Again, I’m sorry that I’m skipping justification of this point, but this is a necro comment to a years-old discussion thread not a full post, or the sequence of posts that would be required. When I later decided that LW’s largely non-evidential approach to philosophy was what had obscured reality here, I decided to leave and go about building this AI rather than discussing it further.
It was not long after when I belatedly discovered the obvious fact that the arguments I made against the possibility of a “FOOM” moving fast enough to cause existential risk also argued against the utility of AGI for jumpstarting a real Singularity, of the world-altering Vernor Vinge type, which I had decided was my life’s purpose.
“Oops…”
…is that sound we make when we realized we wasted years of our lives on an important-sounding problem that turned out to be actually irrelevant to our cause. Oh well. Back to working on the problem of medical nanotechnology directly.
But upon leaving LW and pronouncing the Sequences to be info hazards, I had set a 4-year timer to remind myself to come back and re-evaluate that decision. My inner jury is still out on that point, but in reviewing some posts related to AI safety it occurred to me that solving the control problem also solves most of the mundane problems that I expect AGI projects to encounter.

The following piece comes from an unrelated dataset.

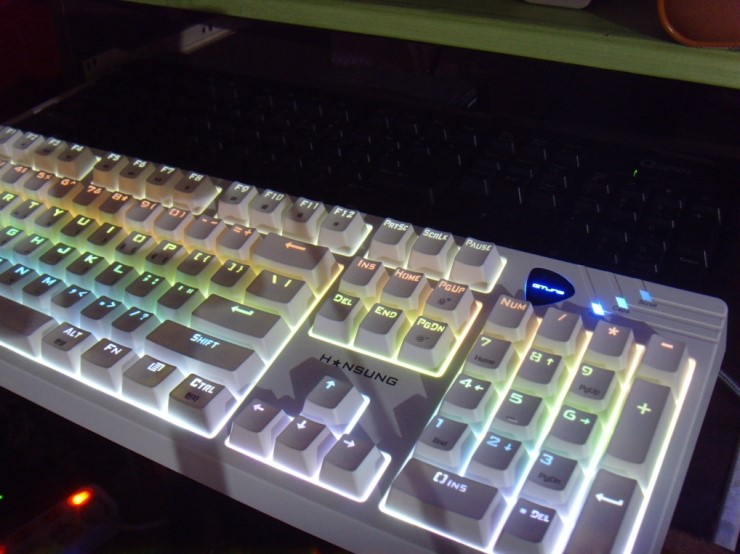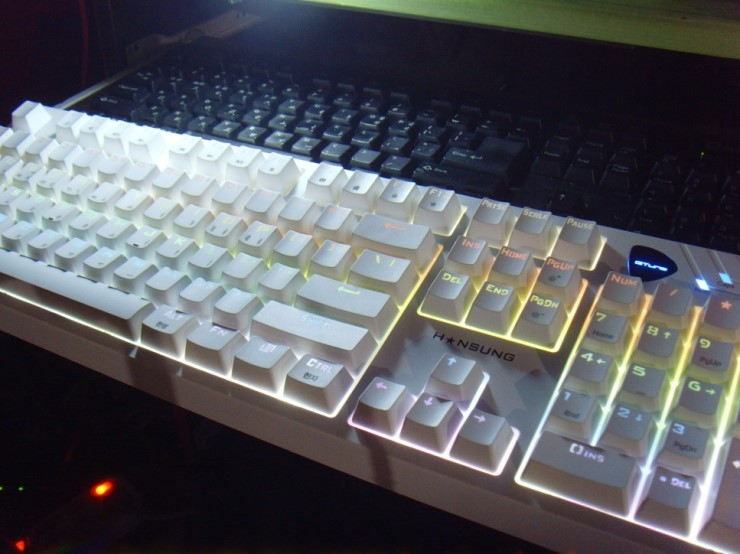 어두운 곳에서도 타이핑이 가능한 지워지지 않는 LED 투영 이색사출 키캡적용.
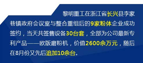 2012年3月20日,黎明重工與整合重組后的9家粉體企業成功簽約,當天共簽售歐版磨粉機30臺套,價值2600余萬元,隨后在8月又先后追加10余臺,基本囊括了所有粉體設備的訂單。

One of my core objections to the “nightmare scenario” of UFAI is that AGI approaches which are likely to be tried in practice (as opposed to abstract models like AIXI) are far more likely to get stuck early, far far before they reach anything near take-over-the-world levels of power. Probably before they even reach the “figure out how to brew coffee” level. Probably before they even know what coffee is. Debugging an AI in such a stuck state would require manual intervention, which is both a timeline extender and a strong safety property. Doing something non-trivial with the first AGI is likely to take years of iterated development, with plenty of opportunity to introspect and alter course.
However a side effect of solving the control problem is that it necessarily must involve being able to reason about the effects of self-modification on future behavior.. which lets the AI avoid getting stuck at all!
If true, this is both good news and bad news.
The good is that a Vingeian Singularity is back on the table! We can solve the worlds problems and usher in an age of abundance and post-human states of being in one generation with the power of AI.
The bad is that there is a weird sort of uncanny-valley like situation where AI today is basically safe, but once a partial solution is found to the tiling problem, and perhaps a few other aspects of the AI safety problem, it does become possible to write an UFAI that can “FOOM” with unpredictable consequences.
So I still think the AI x-risk crowd has seriously overblown the issue today. Deepmind’s creations are not going to take over the world and turn us all into paperclips. But, ironically, if MIRI is at least partially successful in their research, then that work could be applied to make a real Clippy-like entity with all the scary consequences.
That said, I don’t expect this to seriously alter my prediction that tool/oracle AI is achievable. So UFAI + partial control solution could be deployed with appropriate boxing safeguards to get us the Singularity with humans at the helm. But I’m still in the midst of a deep cache purge to update my own feelings of likelihood here.
But yeah, I doubt many at MIRI are working on the control problem explicitly because it is necessary to create the scary kind of UFAI (albeit also the kind that can assist humans to hastily solve their mass of problems!).